Reproduce exactly, leaving out pictures, each line from the one holding "2日目です。一の瀬の天狗コース。 ストックを持って滑りたいとのことなので 板ももう少し長い子供用の板に替えてチャレンジです。" through the final line of the listing, and add nothing.

■ SOURCE MATERIAL:
= = =
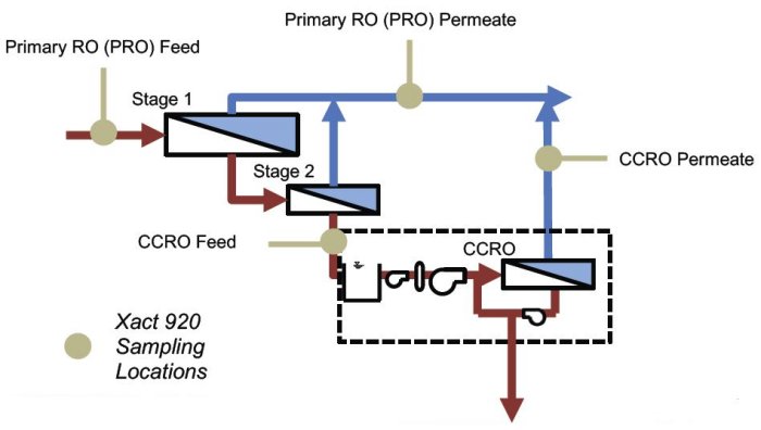 Data presented in this paper was collected over a two-month demonstration in 2021, with the Xact 920 configured to provide continuous 1-hr strontium measurements. The Xact 920 was installed at a pilot AWP facility capable of treating 100,000 gallons per day. The pilot plant was equipped with a 2-stage primary (PRO) and closed circuit secondary (CCRO) RO system which together achieves greater than 90% recovery. One Xact 920 was installed with an automatic switching manifold, allowing switching between four sample locations including; PRO Feed, PRO permeate, CCRO Feed (PRO Brine) and CCRO Permeate. Measuring these four locations allows LRV calculations (Equation 1) for both the primary and secondary RO systems. Figure 1 show the AWP RO treatment process and the Xact 920 sample locations.
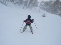 2日目です。一の瀬の天狗コース。 ストックを持って滑りたいとのことなので 板ももう少し長い子供用の板に替えてチャレンジです。 |
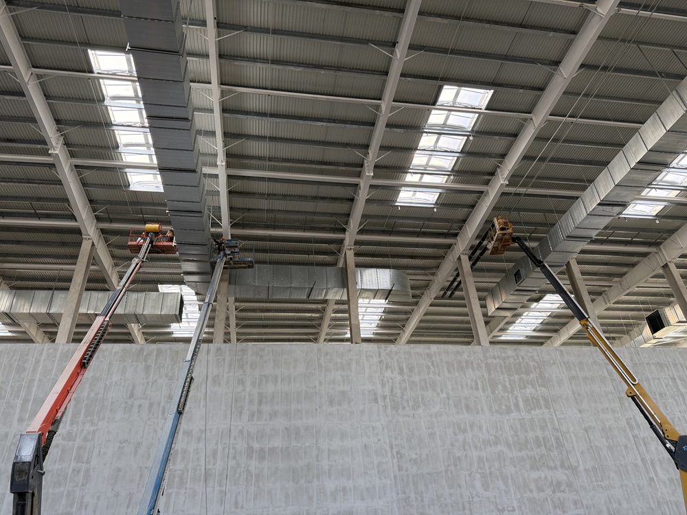 本周,焊裝車間已完成全部實物工程量,循環水、空調水、消防水、生活給水、冷凝水、虹吸雨水等全面進入系統試壓階段。同步配合完成了總包單位焊接機器人進場的細節工作。目前,車間一QA樓與沖壓車間正在進行安裝工作,能源中心同步施工,冷卻塔、板式換熱器已有序進場安裝。
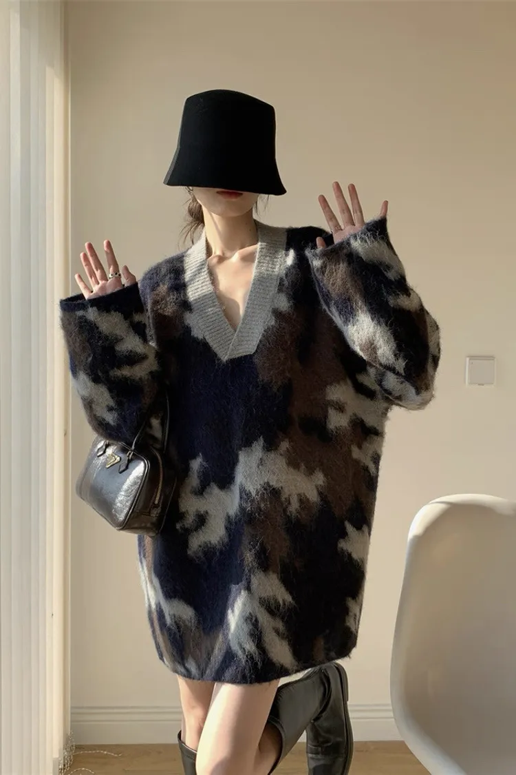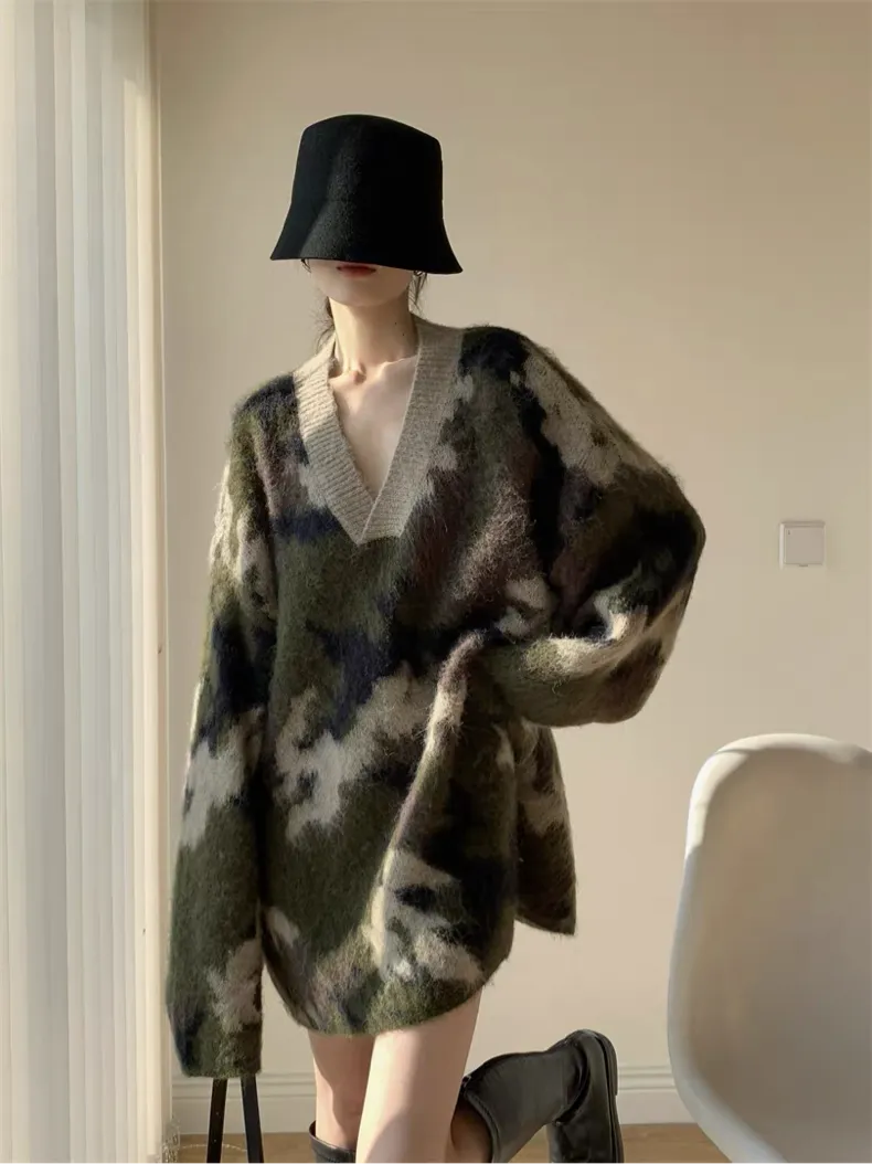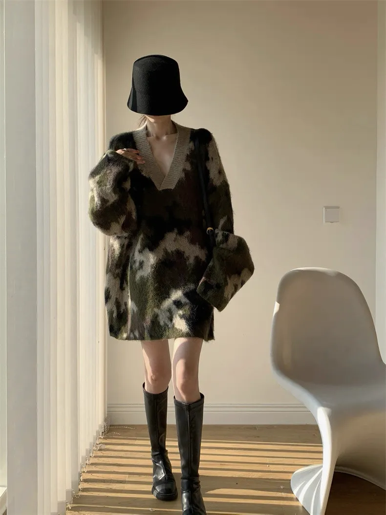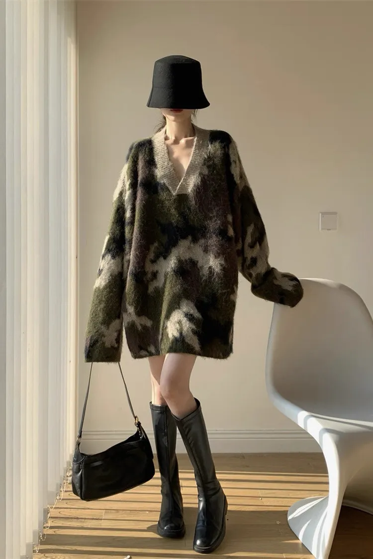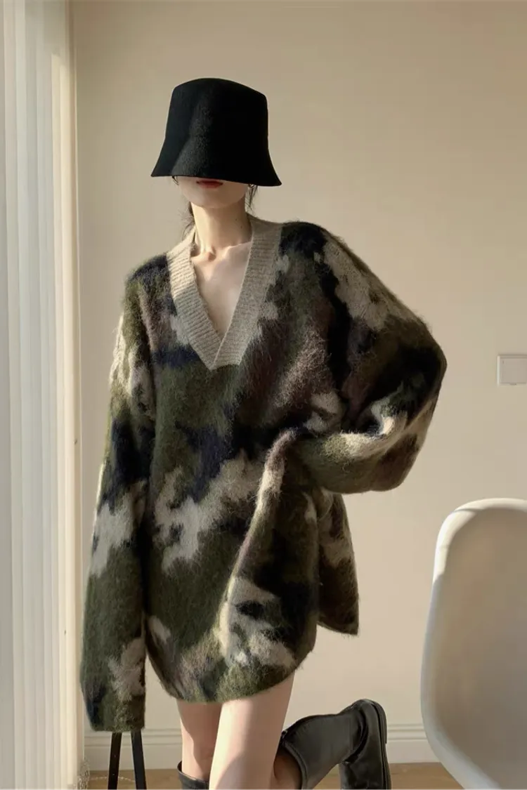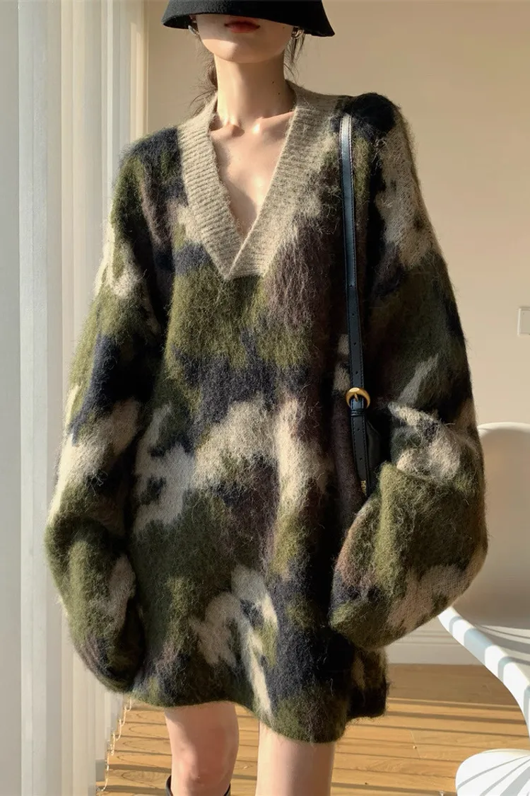 迷彩V領針織洋
= = =
■ EXERCISE SOLUTION:
 2日目です。一の瀬の天狗コース。 ストックを持って滑りたいとのことなので 板ももう少し長い子供用の板に替えてチャレンジです。 |
 本周,焊裝車間已完成全部實物工程量,循環水、空調水、消防水、生活給水、冷凝水、虹吸雨水等全面進入系統試壓階段。同步配合完成了總包單位焊接機器人進場的細節工作。目前,車間一QA樓與沖壓車間正在進行安裝工作,能源中心同步施工,冷卻塔、板式換熱器已有序進場安裝。
 迷彩V領針織洋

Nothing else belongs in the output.